It was not without reason that the Reserve Bank of India is called the bank of banks. Its policies and regulations have an indisputable impact on the country’s fiscal stability. When political priorities, populist compulsions or demands of cronyism pushed the government to divert from its often-proclaimed goal of economic stability, the RBI has felt compelled to intervene. Many times, it has suggested corrective measures. There have been times when the government of the day was at loggerheads with the RBI on matters related to the health of the banking industry.
During the pandemic, when the government was releasing package after package, people looked at the RBI for an understanding of the financial repercussions of the government’s actions. Since the surgical strike, better known as demonetisation, the RBI has kept a low profile. The central bank, mandated by the RBI Act 1934 to play the role of “monetary authority”, was gradually forced to take a backseat.
But all of a sudden, on November 20, it came into focus when the report of its internal working group was released. This report is a green signal for corporate houses to control the banking system. The recommendations of the working group would have a far-reaching impact on the financial stability of the country. The measures it contains would deepen the crisis faced by the economy, hence they warrant a threadbare discussion. It is heartening that the former RBI governor Raghuram Rajan and his deputy Viral Acharya initiated that essential exercise. Mincing no words on its retrograde nature, the two renowned economists called the report a “bombshell”.

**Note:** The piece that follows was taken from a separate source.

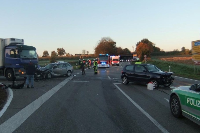 Durch den Zusammenprall wurde das Auto des Mannes gegen einen Lkw geschleudert, dessen 53-jähriger Fahrer aus Ingolstadt vom Gewerbegebiet gerade auf die B 300 abbiegen wollte. Durch die Notbremsung des Lkw fuhr eine 24-Jährige aus Mainburg, die mit einem leeren Omnibus unmittelbar dahinter kam, noch auf den Lastwagen auf.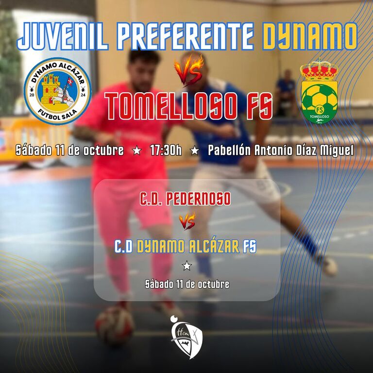 Sábado de fútbol-sala con dos espectaculares partidos, uno en casa y otro a domicilio para los equipos del Dynamo Alcázar Fútbol-Sala. Doble cita liguera. El juvenil preferente y tras su brillante victoria en Balazote por 6 goles a 8, recibe este sábado a partir de las 17:30 horas, en derbi comarcal, que arbitrará el pedroteño Javier J. Panduro Villegas con Miguel Javier García Muñoz, al Tomelloso FS en el pabellón Antonio Díaz-Miguel

It needs no emphasising that the ideas contained in the report originate not from within the RBI’s four walls. The working group was only parroting the policy of the government. Those who drafted the report might have been influenced by the happenings in all institutions of constitutional sanctity. That might be the reason for them to fall in tune with the government’s affinity to corporate houses. The crux of the report is to overhaul the licensing policies of private banks. Once the report is formally approved by the government, corporates would be entitled to float banks. Non-banking financial companies (NBFCs) would freely become full-fledged banks. It is like a gift offered by the government to their financial cronies and political cousins. The RBI report was only instrumental to it. How quickly and easily they could forget the instances of fraud and mismanagement in the banking sector with the involvement of well-known corporate houses.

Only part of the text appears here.